You explained that my doctor's charges are neither reasonable nor necessary because they are for a service that does not "cure" the "alleged problem". I asked if what you were saying, in effect, is that there is no need to pay for any chiropractic care, unless it can be shown to have been of benefit in "curing" the patient. You responded that you were going to pay for "a major part" of my first three months of care, but no more than that because that is sufficient care to help a person who had been in an accident such as mine. You then mentioned that some kind of "peer review" committee or doctor made these conclusions, but when I asked to be put in contact with this group or person, you said that "would not be possible".

I told you that this was all news to me and that I did not know my policy limited my care in such a manner. I also mentioned that I had been helped by Dr. Clark's good care, and as a result I have been able to work without having pains from sitting at my desk all day and also that I can do more activities in my personal life because of the treatments. You responded that I would have been able to do those things anyway if I had just taken a pain killer and let my body heal with rest.

I told you that it is not certain when, or if, I would be entirely "cured", and you responded that was the point: chiropractic could not cure me and it was just helping me to "make me feel better temporarily, that is all." I responded that I thought that was what I bought my PIP to pay, and that I wanted ALL of the charges paid as billed, AND for you to put your decision in writing to me.

Without waiting for your letter, I am writing to ask that you honor my contract with the company and pay the full amount of Doctor Clark's billings. You are not entitled to decide to quit paying just because I still have to undergo treatments. What does it mean to be "cured"?

Isn't it enough that Dr. Clark made my life so much better, that his treatments allowed me to work a full day (whereas before, I was in debilitating pain by noon), that those adjustments allowed me to do my household and outside chores without pain, and that because of Dr.

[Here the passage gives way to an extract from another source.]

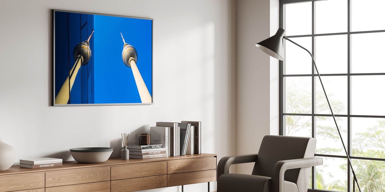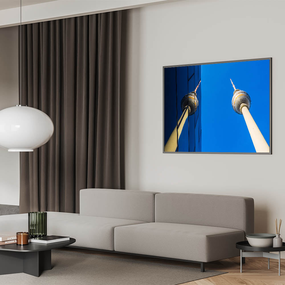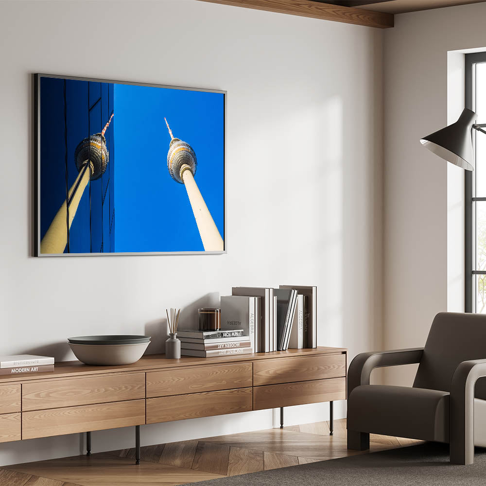 • Berlin-Inspired Art: A stunning reflection of the Berlin TV Tower, blending modern architecture with iconic landmarks.
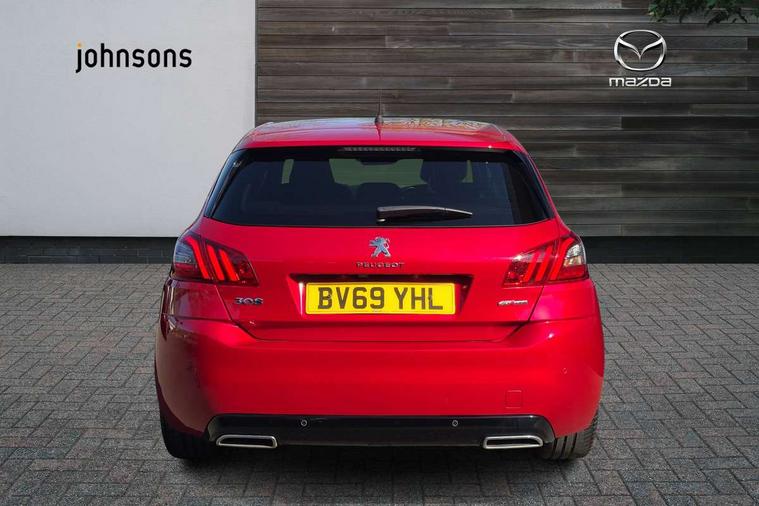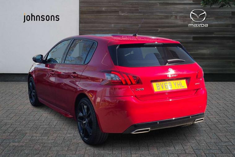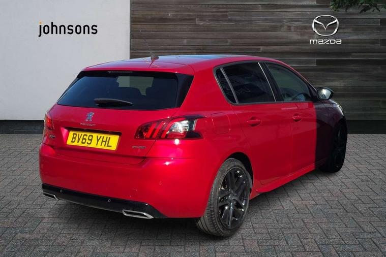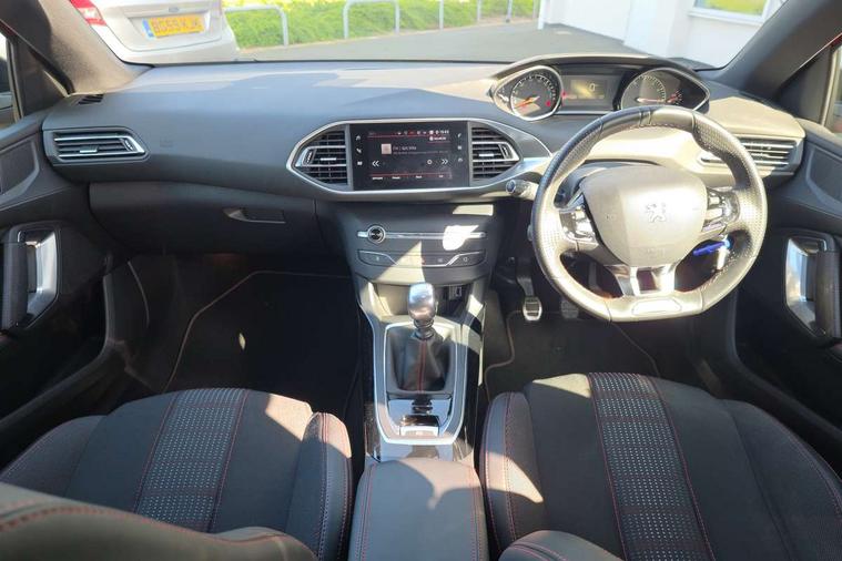 3D connected navigation, 9.7" capacitive touchscreen in centre console, Bluetooth telephone facility, Exterior temperature indicator with ice warning, Front and rear parking sensors, Mirror screen with mirror link, apple carplay and android auto, Multi function trip computer, Peugeot i-Cockpit with 10" head-up digital instrument panel, Peugeot i-cockpit with compact multi-function steering wheel, PEUGEOT SOS and assistance, Service interval indicator, Visio Park 1 with 180 degree Colour reversing camera, 6 speakers radio with mp3 compatible, DAB Digital radio, Steering column mounted multifunction controls, USB socket, Voice recognition for radio, navigation and telephony features, 2 X Rear number plate lights, Aluminium door sill finishers, Automatic hazard light activation upon heavy brake application, Automatic triggered rear windscreen wiper in reverse gear, Body colour door handles, Body coloured bumpers, Dark tinted rear side and tailgate windows, Electric front/rear windows with one touch/auto up/down, Electric operated/heated door mirrors, Front windscreen wiper with multi speed setting, Full LED headlights with LED fog lights, sequential LED indicators, sports front bumper and Self-levelling headlights, GT Line emblems in front wings and tailgate, Headlights left on audible warning, Heated rear windscreen, LED daytime running lights built into the headlamp unit, Nera black door mirrors, Panoramic fixed cielo glass roof with electric interior blind, Power folding door mirrors with courtesy approach lighting, Rear LED Peugeot signature 'Claw Effect' lights, Roof mounted antenna, Side skirts in sport design, Twin exhaust tailpipe, 1/3 to 2/3 split folding rear seats, 12V socket, 2x Rear coat hooks, 4 Grab handles retractable and damped, Aluminium style pedals and door sills, Central front armrest with height and longitudinal adjustment, Cupholders - 2 in rear centre armrest, Door armrests and facia panels trimmed in mistral leather effect trim with red stitch, Driver and front passenger seat height adjustment, Driver and front passenger seat manual adjustment in longitudinal and back rest angle, Dual zone automatic climate control, Fixing rings 4 in load compartment, Front armrest and gear lever gaiter with red contrast stitching, Front centre console cup holders, Front interior light with 2 reading spotlights and rear interior light with timer, Front seat back map pockets, Gear shift indicator, Illuminated vanity mirrors, Mistral floor mats with red contrast stitching, Mistral full grain leather steering wheel with red stitch, Roof lining - Tramontane black, Satin chrome gear lever, Satin chrome interior door handles, Seatbelt not fastened audible and visual alert for front seats, Seatbelt unfastened on the move audible and visual alert for front and rear seats, Seatbelt unfastened warning display, Visibility pack - 308, 2x Isofix child seat fitting on outer rear seats, 3x Rear three-point retractable seatbelts with force limiters in the outer rear seats, ABS + EBD + EBA, Adaptive driver and front passenger airbags with passenger airbag deactivation function, Child locks on rear doors, Driver/front passenger side airbags, Electronic parking brake + Hill assist, ESP, Front and rear curtain airbags, Front optimised safety headrests and 3 x rear retractable headrests with height adjustable, Front three point retractable seatbelts with force limiters, Front/rear disc brakes, Tyre pressure sensor, Automatic door locking, Deadlocking system, Electronic code immobiliser, Locking wheel bolts, Remote control central locking with two plip keys, Thatcham cat 1 ultrasonic alarm, Satin chrome dash trim,

Clark I have been able to sleep the whole night through?

When I bought my PIP coverage no one told me I could only have care if it "cured" me. That is a new term you are trying to add to the contract. Also, what is this so-called "peer review" committee or person? How can you use such a source without letting me know who it is?

I would like for you to send me the alleged report that they (or he?) wrote in my case. I would like to see the entire study of how they figured out how much care an "average person" would need for an accident like mine. And also, how did they measure the amount of trauma I suffered versus these supposed "average" injured patients. This does not make sense, and I think it is bogus. And since you are terminating my chiropractic care because of this mystery study, please furnish a copy to me as soon as practicable.

This is entirely foreign to my policy terms, and I would like to know what gives you the right to impose such new terms on me after I have had a claim. What you are trying to do is to add an extra clause to my contract without my permission, and I am going to resist that. I have asked Doctor Clark about this and he reviewed my chart and will write some kind of explanation to you.

Finally, I want to let you know that my intent is to cure this situation, not just for my claim, but for others who will come behind me and become victim to this tactic. Therefore, I am respectfully requesting that you reverse your position and pay Doctor Clark's billings in full. Please send me a copy of your payment transmittal letter so I can be sure this has been handled.

Should I fail to receive such a written notice of reversal of this policy within 15 days of the date of this letter, I will be forced to file a complaint with the state Insurance Commissioner.

I am still hoping to resolve this PIP claim amicably and without resort to complaints, so I look forward to working with you to complete all payments as soon as practicable.